To this end, we have created a computational framework to build ML models that generate all key safety and pharmacokinetics parameters needed as input for Quantitative System Pharmacology and Toxicology models. Our end-to-end pipeline first ingests raw datasets, curates them, and stores the result in our data lake. Next it extracts features from these data and trains and saves the model to our model zoo. Our pipeline generates a variety of molecular features and both shallow and deep ML models. The HPC-specific module we have developed conducts efficient parallelized search of the model hyperparameter space and reports the best-performing hyperparameters for each of these feature/model combinations.

To ensure complete traceability of results, we save the training, validation, and testing dataset version IDs, the Git hash of the code used to generate the model, and the OS- and library-related version information. We have set up a Docker/Kubernetes infrastructure, so when a promising model has been identified, we can encapsulate the pipeline that created it, supporting both reproducibility and portability. Our system is designed to handle protected data and support incorporating proprietary models, which allows the framework to be run on real drug design tasks.
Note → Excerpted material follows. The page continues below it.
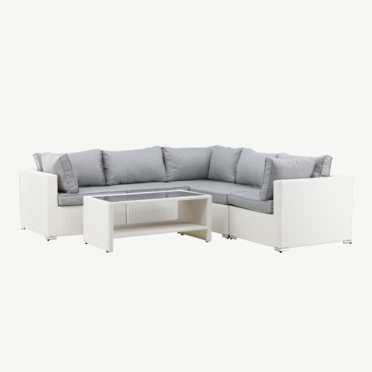 Diivani vastupidav raam on valmistatud tugevast metallist, mis tagab mööbli stabiilsuse ja pikaealisuse. Pealispinna moodustab valge kunstpunutis, mis on ilmastikukindel ja UV-kaitsega, mistõttu see ei pleeku päikese käes. Pehme ja luksuslik istumismugavus on tagatud tumedashallide patjadega, mis on mõnusalt paksud ning pakuvad suurepärast tuge.

Our models are currently being integrated into an active learning pipeline to aid in de novo compound generation, as well as being sent back to consortium members to incorporate into their drug discovery efforts . Our models and code will also be released to the public at the end of our 3-year proof-of-concept phase. To make these models usable externally, we have built a module that can load in a model from our model zoo and generate predictions for a list of compounds on-the-fly. If ground truth is known, a variety of performance metrics are generated and stored in our model performance tracker database, allowing for easy querying and comparison of model performance.

We are confident that this work will help to transform cancer drug discovery from a time-consuming, sequential, and high-risk process into an approach that is rapid, integrated, and with better patient outcomes.